(Task brief)
Leaving out every picture, copy the lines of the material below exactly, from the line containing "La empresa especializada" through the line containing "Dzięki innowacyjnemu systemowi".

[[ Data to process, beginning ]]

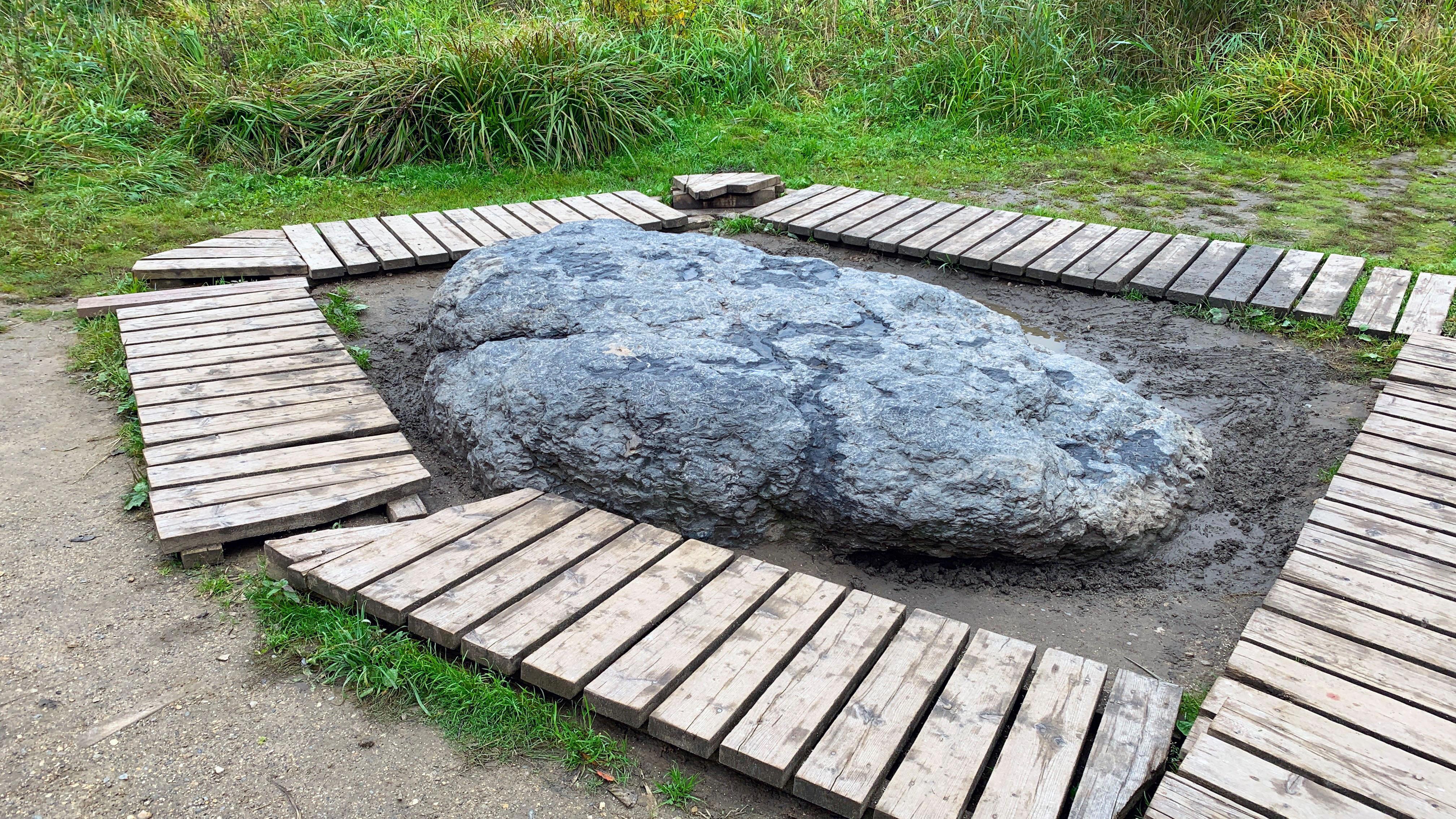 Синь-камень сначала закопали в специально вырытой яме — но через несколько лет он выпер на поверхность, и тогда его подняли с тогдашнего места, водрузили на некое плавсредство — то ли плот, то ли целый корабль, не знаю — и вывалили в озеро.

[[ Data to process, end ]]
[[ Data to process, beginning ]]

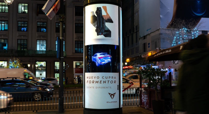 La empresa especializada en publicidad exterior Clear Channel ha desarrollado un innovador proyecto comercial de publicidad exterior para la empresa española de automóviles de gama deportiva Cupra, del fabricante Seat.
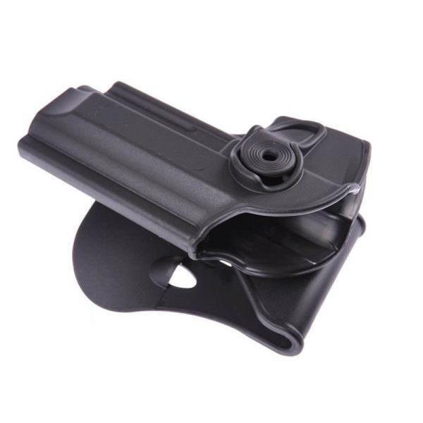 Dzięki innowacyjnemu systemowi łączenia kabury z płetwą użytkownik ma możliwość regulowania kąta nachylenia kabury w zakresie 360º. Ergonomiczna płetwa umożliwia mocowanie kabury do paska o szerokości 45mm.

[[ Data to process, end ]]

(Solution)
 La empresa especializada en publicidad exterior Clear Channel ha desarrollado un innovador proyecto comercial de publicidad exterior para la empresa española de automóviles de gama deportiva Cupra, del fabricante Seat.
 Dzięki innowacyjnemu systemowi łączenia kabury z płetwą użytkownik ma możliwość regulowania kąta nachylenia kabury w zakresie 360º. Ergonomiczna płetwa umożliwia mocowanie kabury do paska o szerokości 45mm.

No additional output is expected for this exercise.